WARN [Clustering Tasks Thread-1] o.apache.nifi.controller.FlowController Failed to send heartbeat due to: org.apache.nifi.cluster.protocol.ProtocolException: Failed marshalling 'HEARTBEAT' protocol message due to: javax.net.ssl.SSLHandshakeException: sun.security.validator.ValidatorException: PKIX path validation failed: java.security.cert.CertPathValidatorException: Path does not chain with any of the trust anchors

Clearly, this is NOT a problem of discovery. The NiFi pod IS able to connect to Zookeeper and knows where it needs to send a heartbeat to. It is trying to send the heartbeat to the cluster leader but is unable to because of a failed SSL Handshake. WTAF.

Going through some of NiFi’s mail archives (this specifically) I figured that I have to look at the owner of the trust store to understand what might be going wrong. So I did. I ran the following command on all three NiFi pods —

keytool --list -v -keystore conf/keystore.jks

The above command listed out the certificates present in the Keystore. The first certificate was owned by the node. The second certificate (I assume this is the certificate that was used to sign the certificate) is owned by nifi-ca. I compared the ownership details of the nifi-ca (Serial Number & MD5 fingerprints) certificate across all the nodes. Here’s what I got —

Serial Numbers - 
nifi-0: 1719cf1419e00000000
nifi-1: 1719cf1419e00000000
nifi-2: 171a84b0e8c00000000 (different from the first two)
MD5 -
nifi-0: 40:93:D5:EE:B8:F6:AA:FD:7B:37:2A:50:D6:EA:8C:05
nifi-1: 40:93:D5:EE:B8:F6:AA:FD:7B:37:2A:50:D6:EA:8C:05
nifi-2: 44:15:78:60:CE:5C:19:38:A6:84:04:6F:6A:75:5A:B8 (different from the first two)

nifi-2 , the NiFi pod that got evicted and rescheduled had different certificate fingerprints from the other two pods and that’s the reason it was not able to send the heartbeat to the cluster leader due to an SSL Handshake failure. What gives?

So I sifted through the Kubernetes events and noticed that the nifi-2 and the nifi-ca pods were initially scheduled on the same worker node. When that worker node went down, the nifi-ca pod was evicted and scheduled on a different node. The nifi-ca got effectively rebooted on a different machine. The nifi-2 pod now requests for a signed certificate from a newly restarted nifi-ca . The nifi-ca does issue a signed certificate to nifi-2 , but with a different fingerprint and this is what was causing the SSL Handshake issue. The only way I could think of fixing this issue was to restart the other two NiFi pods as well. In doing so, the fingerprint “drift” was eliminated and all three pods were able to successfully create a cluster.

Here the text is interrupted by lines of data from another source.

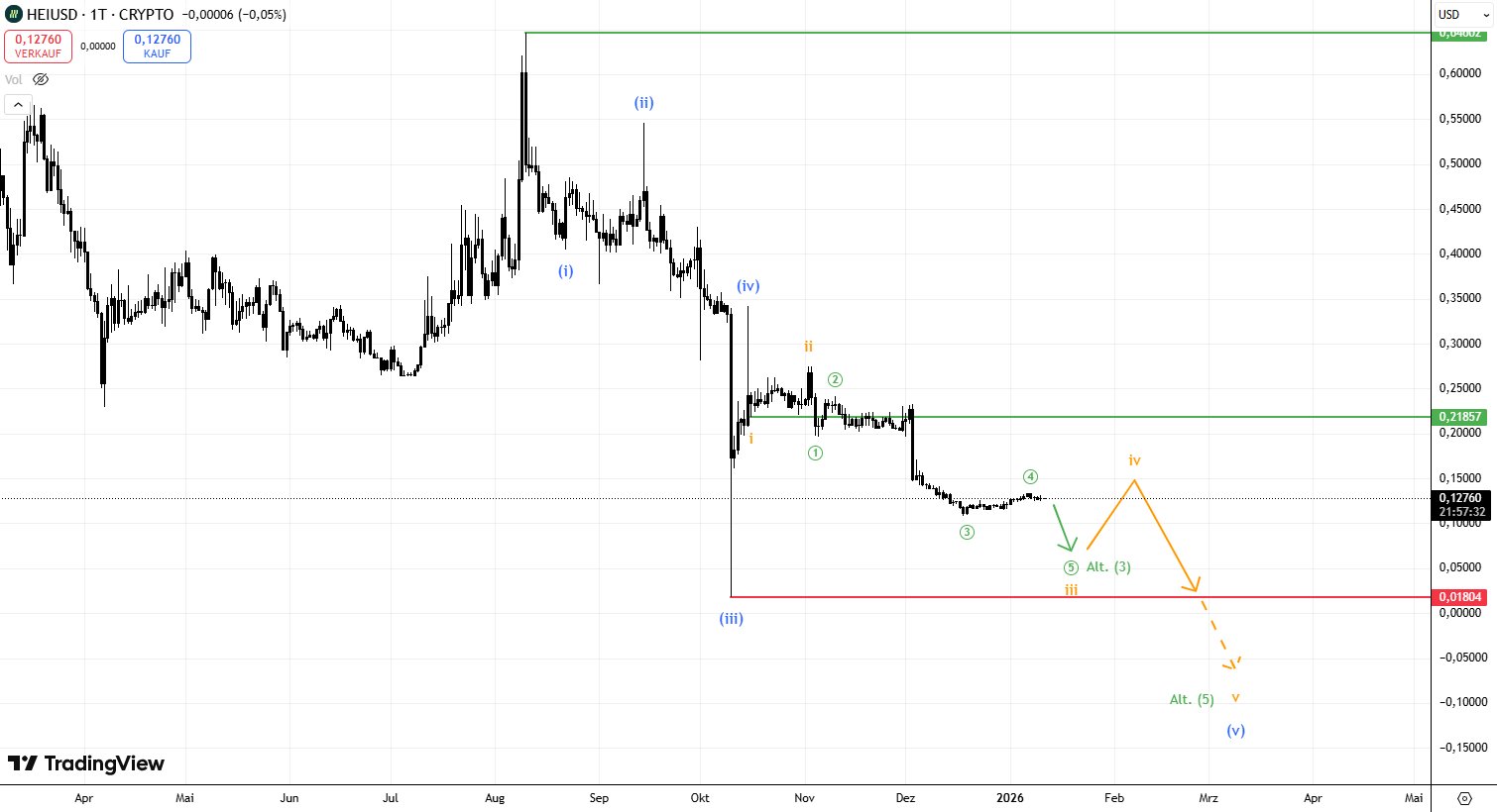 HEI is expected to make 1‑3 new lows, with technical charts indicating it could drop to 0.01804 or even lower.
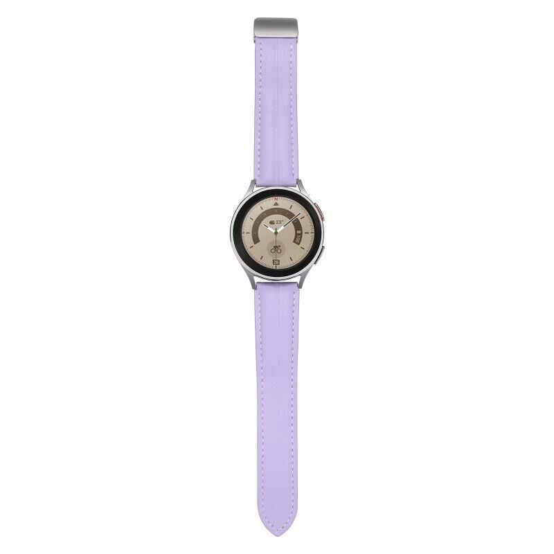 20mm Folding Buckle Grooved Genuine Leather Watch Band, Silver Buckle(Purple)
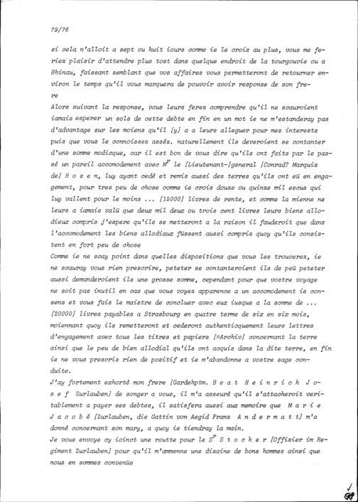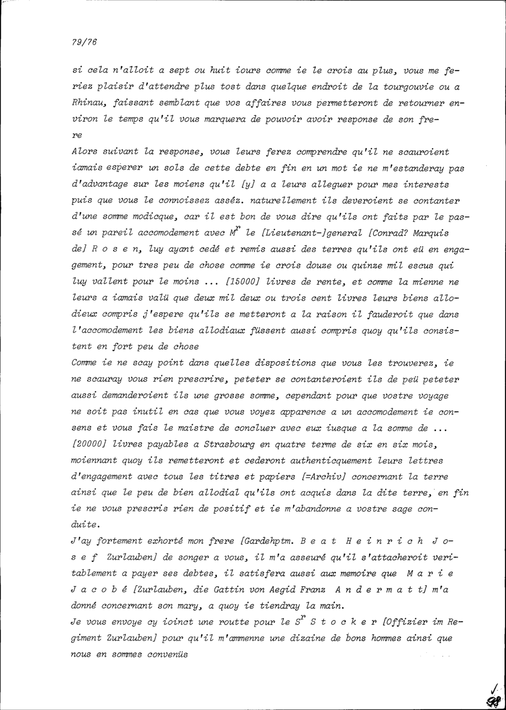 Schreiben von Beat Jakob Zurlauben, Oberst und Feldmarschall, an Beat Jakob II. Zurlauben

The lesson learnt here is that the nifi-ca pod should not be scheduled on the same nodes as the NiFi pods. This way, regardless of which NiFi pod goes down, there will not be any drift in the signed certificate’s fingerprint. There is always the possibility that the nifi-ca pod can still be evicted and scheduled on a different node and cause a “fingerprint drift”. I’m still trying to figure out how this can be avoided or the best way to recover if that happens. Any thoughts on this would be much appreciated.